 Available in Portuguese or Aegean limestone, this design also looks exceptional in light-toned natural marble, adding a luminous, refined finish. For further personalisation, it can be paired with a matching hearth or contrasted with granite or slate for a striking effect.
==
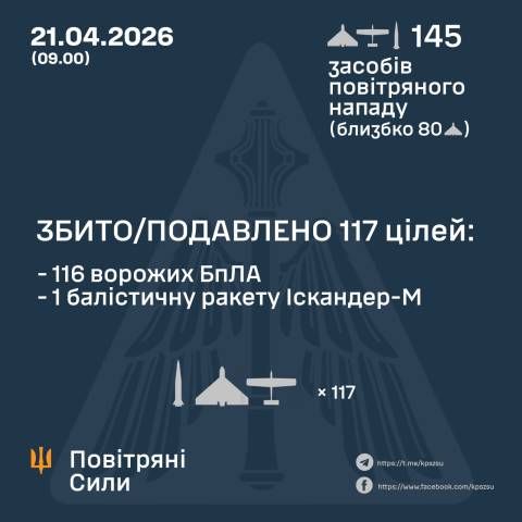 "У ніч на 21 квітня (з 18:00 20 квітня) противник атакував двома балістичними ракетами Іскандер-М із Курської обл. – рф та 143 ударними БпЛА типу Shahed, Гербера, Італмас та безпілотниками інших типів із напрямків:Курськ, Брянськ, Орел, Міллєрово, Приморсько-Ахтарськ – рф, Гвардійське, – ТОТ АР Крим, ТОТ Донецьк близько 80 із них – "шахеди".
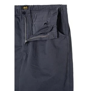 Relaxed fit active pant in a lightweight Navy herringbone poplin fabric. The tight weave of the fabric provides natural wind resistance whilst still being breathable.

## TRY IT
Leaving all pictures out, output exactly the lines of the material above from the line with "на 21 квітня" to the line with "Relaxed fit active", both included.

## WRITTEN RESPONSE
 "У ніч на 21 квітня (з 18:00 20 квітня) противник атакував двома балістичними ракетами Іскандер-М із Курської обл. – рф та 143 ударними БпЛА типу Shahed, Гербера, Італмас та безпілотниками інших типів із напрямків:Курськ, Брянськ, Орел, Міллєрово, Приморсько-Ахтарськ – рф, Гвардійське, – ТОТ АР Крим, ТОТ Донецьк близько 80 із них – "шахеди".
 Relaxed fit active pant in a lightweight Navy herringbone poplin fabric. The tight weave of the fabric provides natural wind resistance whilst still being breathable.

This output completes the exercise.